The Dark Lake is Australian author Sarah Bailey's debut novel.
DS Gemma Woodstock is the lead investigator in a rural Aussie town. When a woman is found dead in a local lake, Gemma recognizes her from their high school days. But she downplays this connection. Why? "It's amazing what you can keep buried when you want to." The dead woman is an enigma - her students adored her and her colleagues admired her. But as the investigation continues, Gemma discovers that no one really 'knows' Rosalind, including her own family.
Bailey sets up the reader with not one, but two mysteries - who killed Rosanind and what event occurred in Gemma's past that she is so determined to keep hidden.
Gemma was an interesting lead character. She's smart and driven to find answers. But. She's also playing a dangerous game with her personal life. I didn't agree with the choices she was making and the actions she took to pursue that choice. I can't say that I liked her partner Felix either. I was intrigued by Rosalind. We only get to 'know' her from other's memories and observations though. I would have like a peek into her life from her own point of view.
Bailey's use of the 'then and now' technique gives the reader small glimpses into Gemma's past and then flips back to the present.

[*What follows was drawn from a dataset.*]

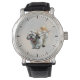 Uhr, Vintage Männeruhr mit schwarzem Lederarmband
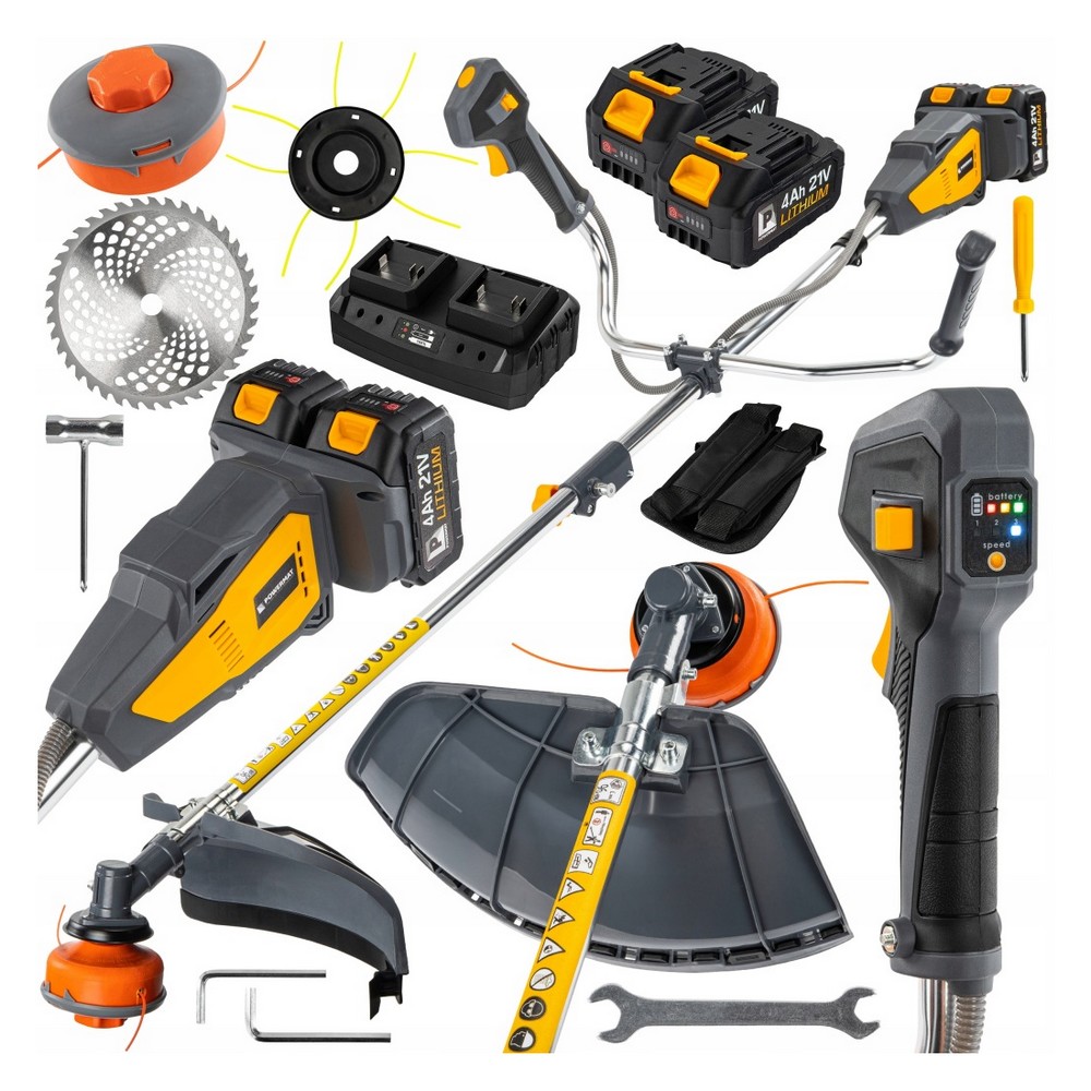 AKUMULATOR 42 V | POJEMNOŚĆ 4 AH | CIĘCIE 380 MM | ŻYŁKA I TARCZA | 3 POZIOMY PRĘDKOŚCI | SILNIK BEZSZCZOTKOWY | TRYB ECO

The book is equally divided into a search for the killer and a character driven exploration of Gemma and her life.
Bailey gives us lots of options and characters to choose from for the closing 'whodunit' and the final answer was clever. I did find the reveal of Gemma's secret to be a bit of a letdown and the resolution she finds in her personal life in the final pages to be somewhat cliched. The book weighs in at 400+ pages. I feel this could have been tightened up a bit, as Gemma's dilemma became somewhat repetitive after awhile and I found my interest slipping.
I think this may be the first in a series. If so, I would be curious to see where Bailey next takes her character. Read an excerpt of The Dark Lake.
I think The Dark Lake is a solid debut, but the publisher's comparisons to Tana French and Paula Hawkins may be a bit ambitious at this stage of Bailey's career. I think I'm in the minority on this one, so please weigh in if you've read it already.